__Work to complete__
Below are some entries. Transcribe the lines from the one holding "The 189th Birthday" to the one holding "オーシャンビューとはいいまし", inclusive, but not the pictures among them.

__Data shown__

= = =

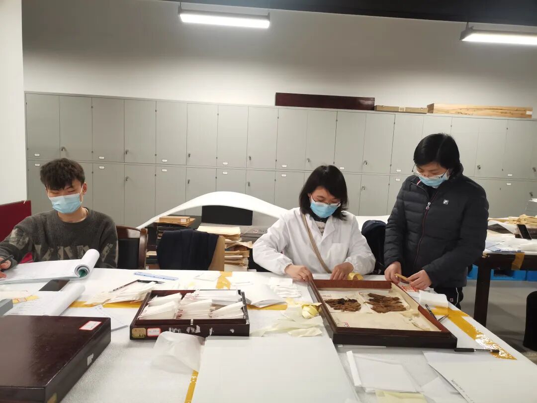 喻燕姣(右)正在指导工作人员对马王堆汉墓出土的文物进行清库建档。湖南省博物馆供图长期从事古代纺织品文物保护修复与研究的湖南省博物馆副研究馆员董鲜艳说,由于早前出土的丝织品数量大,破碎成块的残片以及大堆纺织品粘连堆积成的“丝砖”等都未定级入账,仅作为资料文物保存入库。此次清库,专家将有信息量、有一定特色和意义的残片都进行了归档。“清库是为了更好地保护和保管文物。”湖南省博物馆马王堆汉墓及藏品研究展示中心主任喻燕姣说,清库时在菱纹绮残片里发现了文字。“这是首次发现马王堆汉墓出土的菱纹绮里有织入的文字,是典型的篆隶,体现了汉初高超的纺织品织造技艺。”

= = =

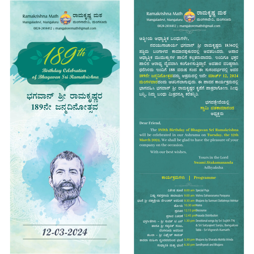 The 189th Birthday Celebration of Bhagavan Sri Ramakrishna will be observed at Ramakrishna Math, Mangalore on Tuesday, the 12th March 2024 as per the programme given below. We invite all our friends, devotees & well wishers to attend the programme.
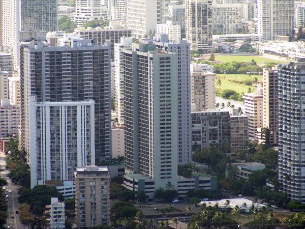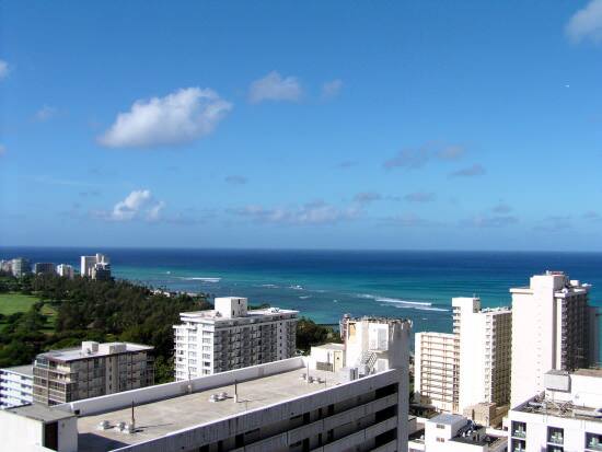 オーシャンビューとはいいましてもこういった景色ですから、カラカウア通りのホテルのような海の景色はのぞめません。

= = =

__Written response__
 The 189th Birthday Celebration of Bhagavan Sri Ramakrishna will be observed at Ramakrishna Math, Mangalore on Tuesday, the 12th March 2024 as per the programme given below. We invite all our friends, devotees & well wishers to attend the programme.
 オーシャンビューとはいいましてもこういった景色ですから、カラカウア通りのホテルのような海の景色はのぞめません。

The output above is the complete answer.